| Exercise description |
Please reproduce all entries word for word and omit their pictures.

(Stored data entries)
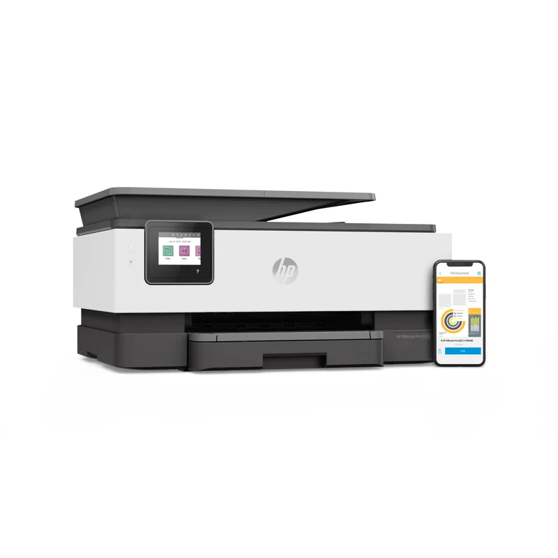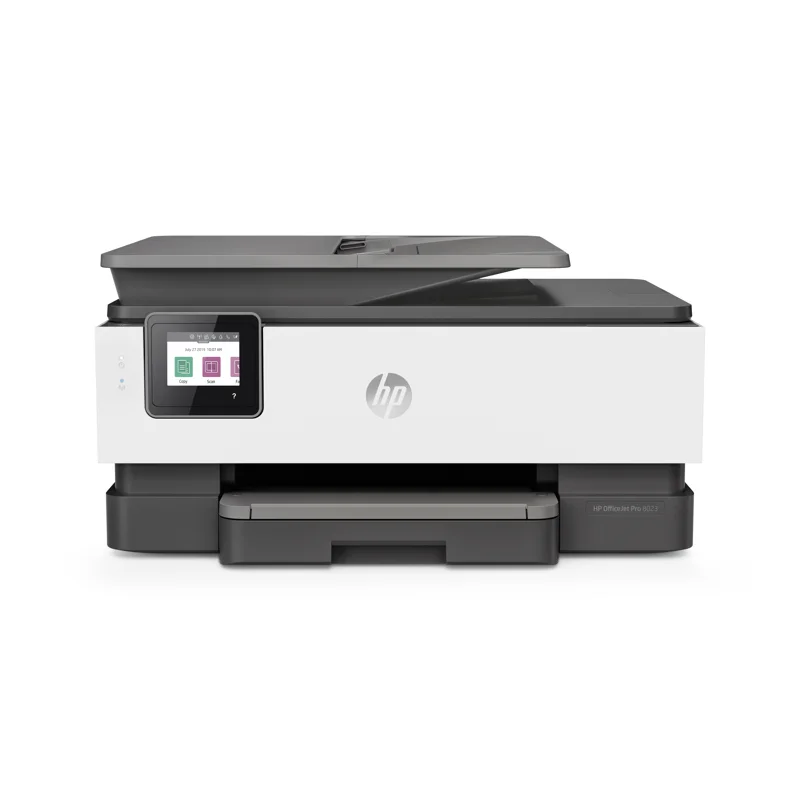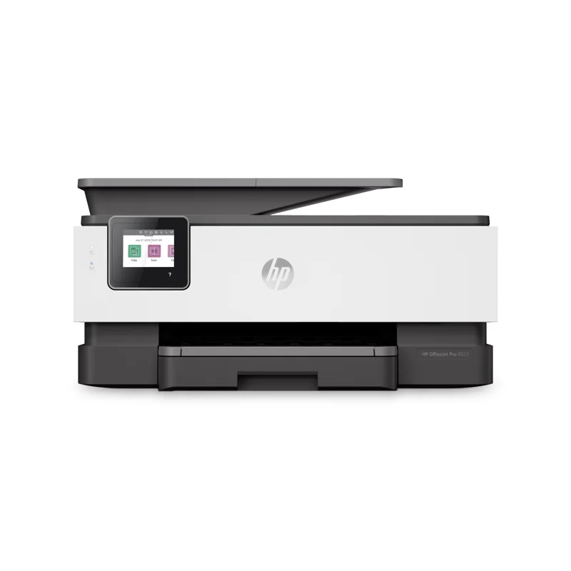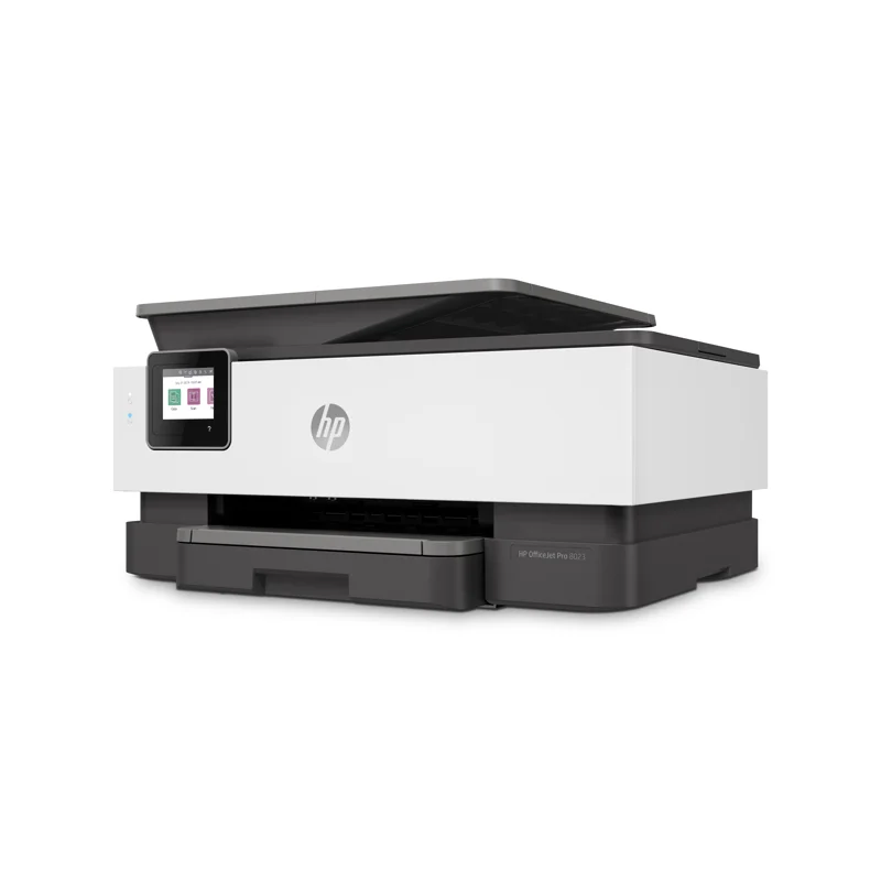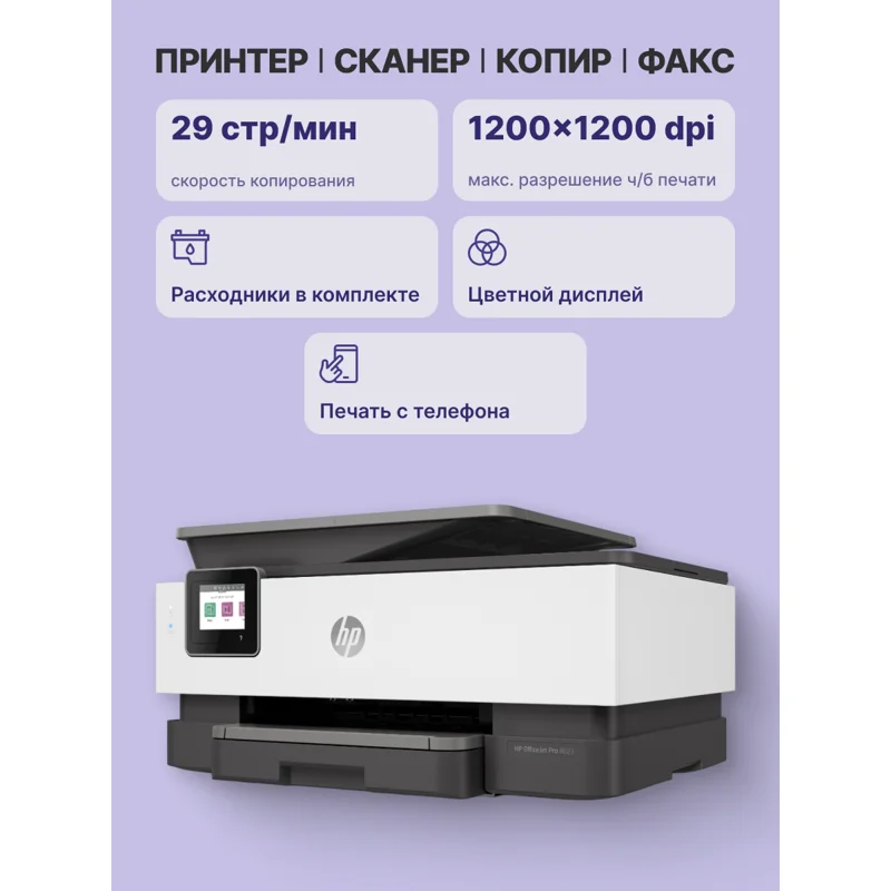 МФУ струйное HP OfficeJet Pro 8023 – настольное устройство, которое используется в качестве копира, факса, принтера или сканера. Предназначается для установки в офисах. Термоструйная цветная печать производится на формате А4 с максимальной скоростью 10 стр/мин в разрешении 4800x1200 dpi. Черно-белая печать производится в разрешении 1200x1200 dpi со скоростью 20 стр/мин. Сканер планшетный/протяжный, может сканировать документы непосредственно на ПК со скоростью 8 стр/мин. Скорость копирования документов составляет 13 стр/мин. Факс может печатать файлы в черно-белом и в цветном формате. Для работы МФУ струйное HP OfficeJet Pro 8023 задействует 4 картриджа. Поддерживаются мобильные технологии печать Wi-Fi Direct, Mopria, AirPrint. Частота процессора составляет 1200 МГц, а системная память имеет объем 256 МБ. При активном использовании потребляется 21 Вт мощности.
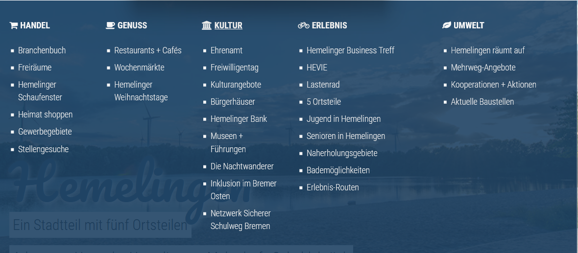 Die Seite THEMEN informiert über wichtige Bereiche in Hemelingen:
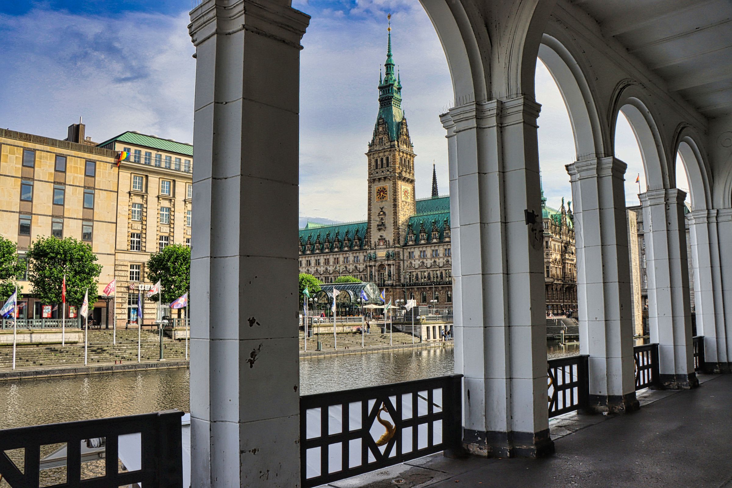 Ein schöner Aussichtsplatz befindet sich übrigens unterhalb des Altonaer Balkons, einmal auf dem Dach der Docklands, aber auch auf dem Dach des daneben liegenden Cruise Centers, das ich dieses Jahr erstmals erklommen habe. Lieber ans Wasser, aber gleichzeitig etwas grün gefällig? Dann empfehle ich den Weg auf der westlichen Seite der Außenalster. Ihr lauft weitestgehend direkt am Wasser, trefft vermutlich auf ein paar Jogger und habt, wenn die Füße nicht mehr tragen, immer wieder die Möglichkeit in eines der Schiffe der Alsterrundfahrt einzusteigen. Außerdem fährt die U-Bahn (U1) in einer Entfernung von ca. 800-900 m parallel vorbei.
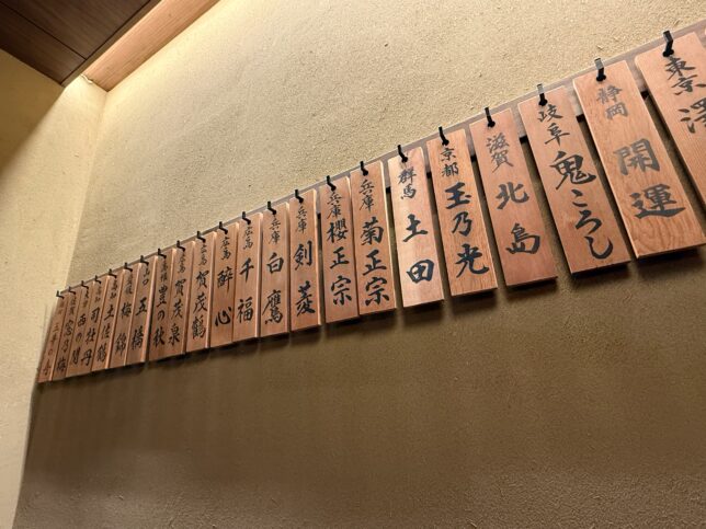カウンターがいっぱいだったので、裏手の席に通してもらいました。壁一面に貼られる日本各地の日本酒達。地元のお酒があると嬉しくなっちゃうよね。
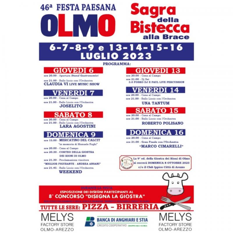 La bistecca alla fiorentina è il piatto toscano più famoso. Ci sono dubbi sull’origine del nome: c’è chi lo fa risalire alla celebrazione della Festa di San Lorenzo da parte della Famiglia dei Medici. Per altri la nascita del nome è legata alla presenza degli inglesi nell’800. Comunque sia, è certo che per godersela appieno basta venire a Olmo a pochi chilometri da Arezzo. Dal 1975 a luglio la bistecca si celebra come fosse un dio pagano, servita tassativamente alla brace, con l’accompagnamento di orchestre di liscio alla cui musica è impossibile resistere. Da quest’anno Amaro Ramazzotti amplifica il divertimento con giochi e degustazioni.
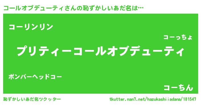 | ポケモン風あだ名 | 『コーチュウ』『ヒコールオブデューティ』 |
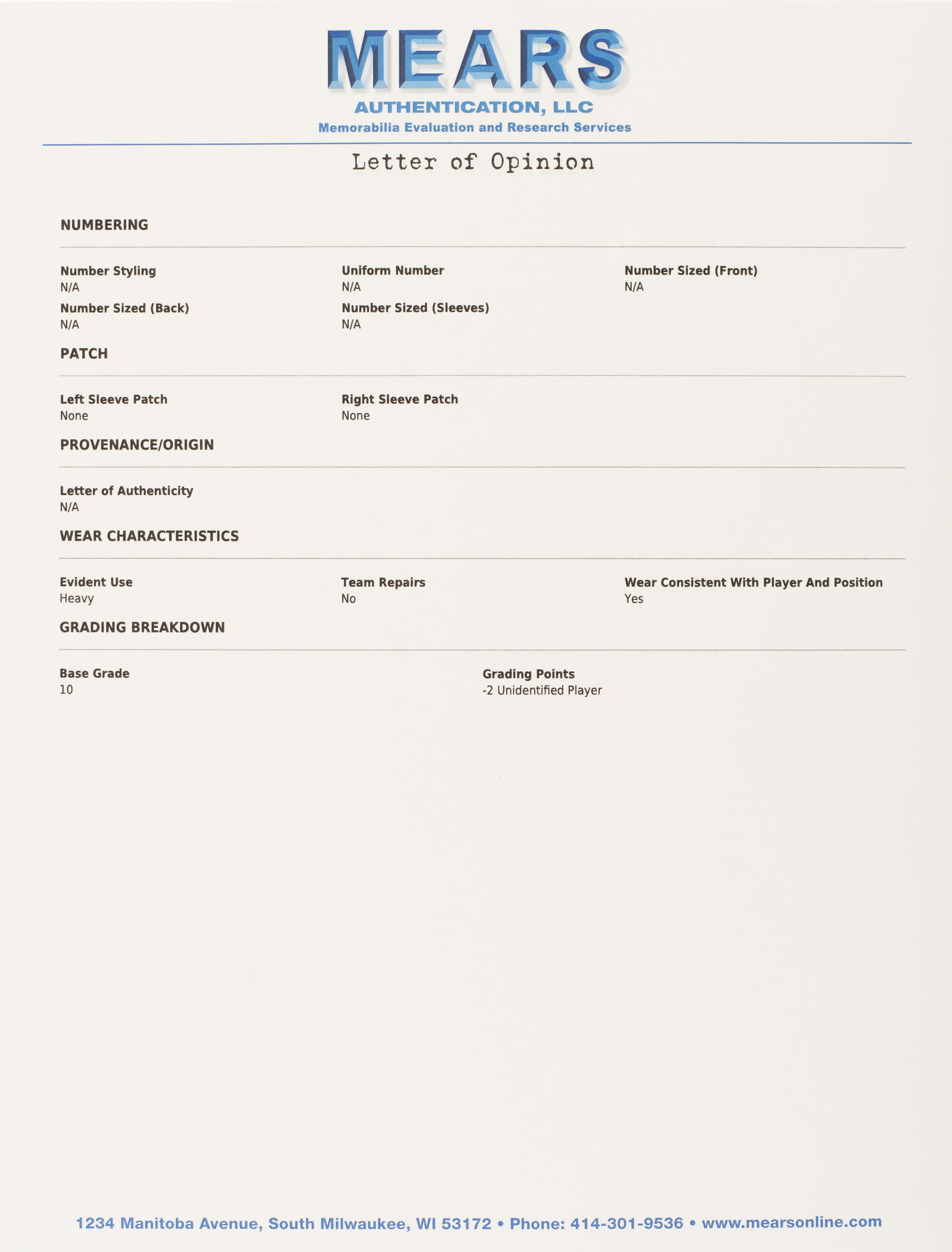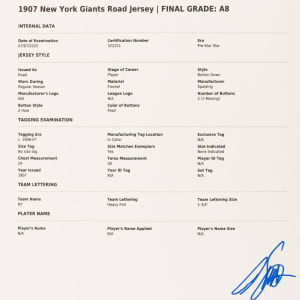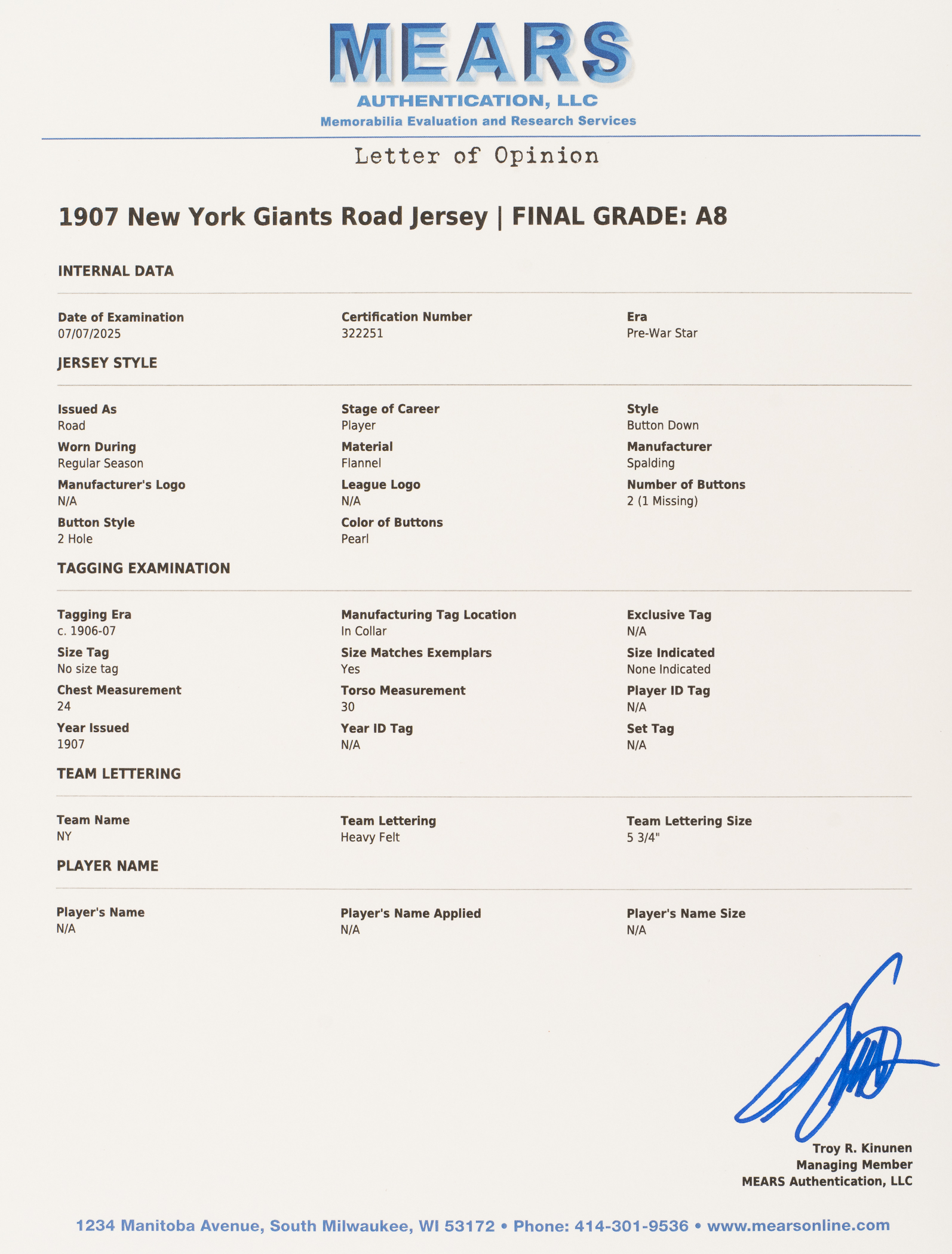 Offered here is the earliest New York Giants road jersey we have ever offered dating from 1907. Graded A8 by MEARS. The gray road flannel jersey, which predates uniform numbers, is simply lettered "NY" across the front in blue felt letters (now faded to light purple). A "Spalding" label is located in the collar, along with a vintage strip tag with faded ink (illegible). This is an extremely rare one-year style jersey, which was worn by the Giants only during the 1907 season. The jersey, which is completely original, is unaltered and displays heavy use, including one missing button and one cracked button. Jerseys dating from the dead-ball era are exceedingly rare, with literally less than a dozen examples known. Although the jersey displays no player identification, this remains a significant and rare one-year style dead-ball era flannel jersey. Graded A8 by MEARS (base grade of 10, with 2 points deducted for lack of positive player identification). Full LOA from MEARS.
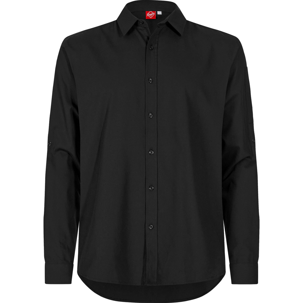 Herrskjorta med normal passform. Skjortan har motveck bak för rörelsevidd och kan bäras löst hängande utanpå men även instoppad i midjan.
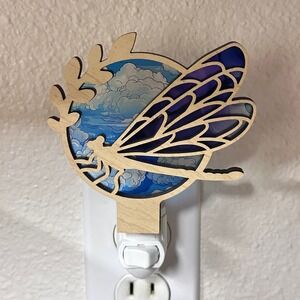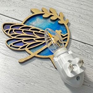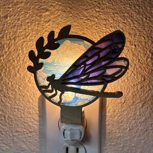 Keywords: dragonfly, nightlight, stained glass, wooden decor, plug in light, wall art, nature, insects, celestial, whimsical, ambient, bedroom, nursery
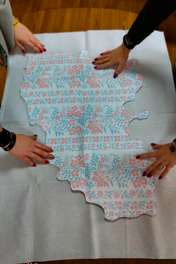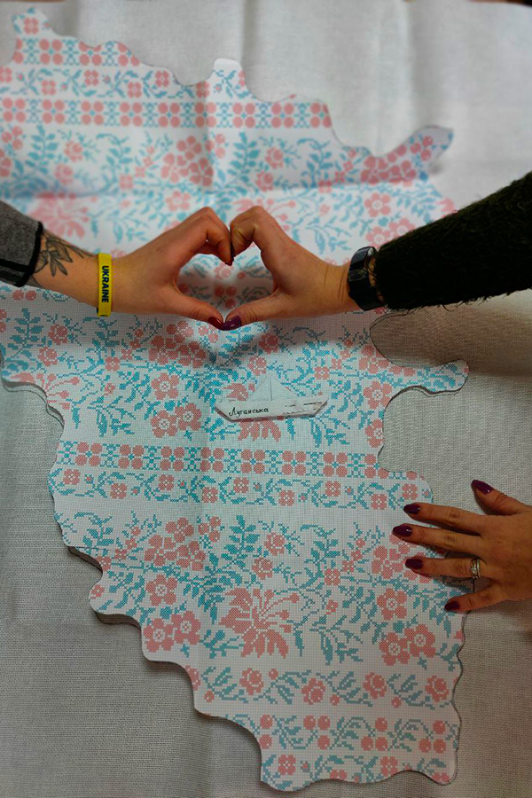 Мапа Луганської області із автентичним візерунком увійде до вишитої мапи України, розмір якої сягатиме 3м х 5м з оздобленою рамою майже 7 км ниток різних кольорів, яка буде передана до Верховної Ради України.
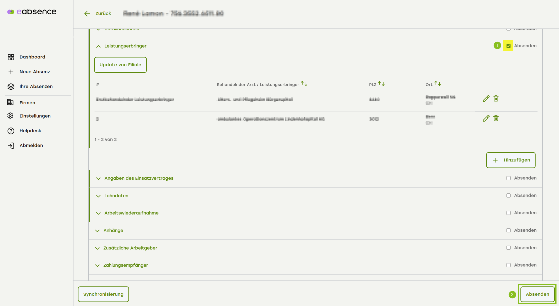 2. Rufe den von der Filiale erfassten Leistungserbringer ab und füge ihn hinzu.

| Exercise response |
 МФУ струйное HP OfficeJet Pro 8023 – настольное устройство, которое используется в качестве копира, факса, принтера или сканера. Предназначается для установки в офисах. Термоструйная цветная печать производится на формате А4 с максимальной скоростью 10 стр/мин в разрешении 4800x1200 dpi. Черно-белая печать производится в разрешении 1200x1200 dpi со скоростью 20 стр/мин. Сканер планшетный/протяжный, может сканировать документы непосредственно на ПК со скоростью 8 стр/мин. Скорость копирования документов составляет 13 стр/мин. Факс может печатать файлы в черно-белом и в цветном формате. Для работы МФУ струйное HP OfficeJet Pro 8023 задействует 4 картриджа. Поддерживаются мобильные технологии печать Wi-Fi Direct, Mopria, AirPrint. Частота процессора составляет 1200 МГц, а системная память имеет объем 256 МБ. При активном использовании потребляется 21 Вт мощности.
 Die Seite THEMEN informiert über wichtige Bereiche in Hemelingen:
 Ein schöner Aussichtsplatz befindet sich übrigens unterhalb des Altonaer Balkons, einmal auf dem Dach der Docklands, aber auch auf dem Dach des daneben liegenden Cruise Centers, das ich dieses Jahr erstmals erklommen habe. Lieber ans Wasser, aber gleichzeitig etwas grün gefällig? Dann empfehle ich den Weg auf der westlichen Seite der Außenalster. Ihr lauft weitestgehend direkt am Wasser, trefft vermutlich auf ein paar Jogger und habt, wenn die Füße nicht mehr tragen, immer wieder die Möglichkeit in eines der Schiffe der Alsterrundfahrt einzusteigen. Außerdem fährt die U-Bahn (U1) in einer Entfernung von ca. 800-900 m parallel vorbei.
カウンターがいっぱいだったので、裏手の席に通してもらいました。壁一面に貼られる日本各地の日本酒達。地元のお酒があると嬉しくなっちゃうよね。
 La bistecca alla fiorentina è il piatto toscano più famoso. Ci sono dubbi sull’origine del nome: c’è chi lo fa risalire alla celebrazione della Festa di San Lorenzo da parte della Famiglia dei Medici. Per altri la nascita del nome è legata alla presenza degli inglesi nell’800. Comunque sia, è certo che per godersela appieno basta venire a Olmo a pochi chilometri da Arezzo. Dal 1975 a luglio la bistecca si celebra come fosse un dio pagano, servita tassativamente alla brace, con l’accompagnamento di orchestre di liscio alla cui musica è impossibile resistere. Da quest’anno Amaro Ramazzotti amplifica il divertimento con giochi e degustazioni.
 | ポケモン風あだ名 | 『コーチュウ』『ヒコールオブデューティ』 |
 Offered here is the earliest New York Giants road jersey we have ever offered dating from 1907. Graded A8 by MEARS. The gray road flannel jersey, which predates uniform numbers, is simply lettered "NY" across the front in blue felt letters (now faded to light purple). A "Spalding" label is located in the collar, along with a vintage strip tag with faded ink (illegible). This is an extremely rare one-year style jersey, which was worn by the Giants only during the 1907 season. The jersey, which is completely original, is unaltered and displays heavy use, including one missing button and one cracked button. Jerseys dating from the dead-ball era are exceedingly rare, with literally less than a dozen examples known. Although the jersey displays no player identification, this remains a significant and rare one-year style dead-ball era flannel jersey. Graded A8 by MEARS (base grade of 10, with 2 points deducted for lack of positive player identification). Full LOA from MEARS.
 Herrskjorta med normal passform. Skjortan har motveck bak för rörelsevidd och kan bäras löst hängande utanpå men även instoppad i midjan.
 Keywords: dragonfly, nightlight, stained glass, wooden decor, plug in light, wall art, nature, insects, celestial, whimsical, ambient, bedroom, nursery
 Мапа Луганської області із автентичним візерунком увійде до вишитої мапи України, розмір якої сягатиме 3м х 5м з оздобленою рамою майже 7 км ниток різних кольорів, яка буде передана до Верховної Ради України.
 2. Rufe den von der Filiale erfassten Leistungserbringer ab und füge ihn hinzu.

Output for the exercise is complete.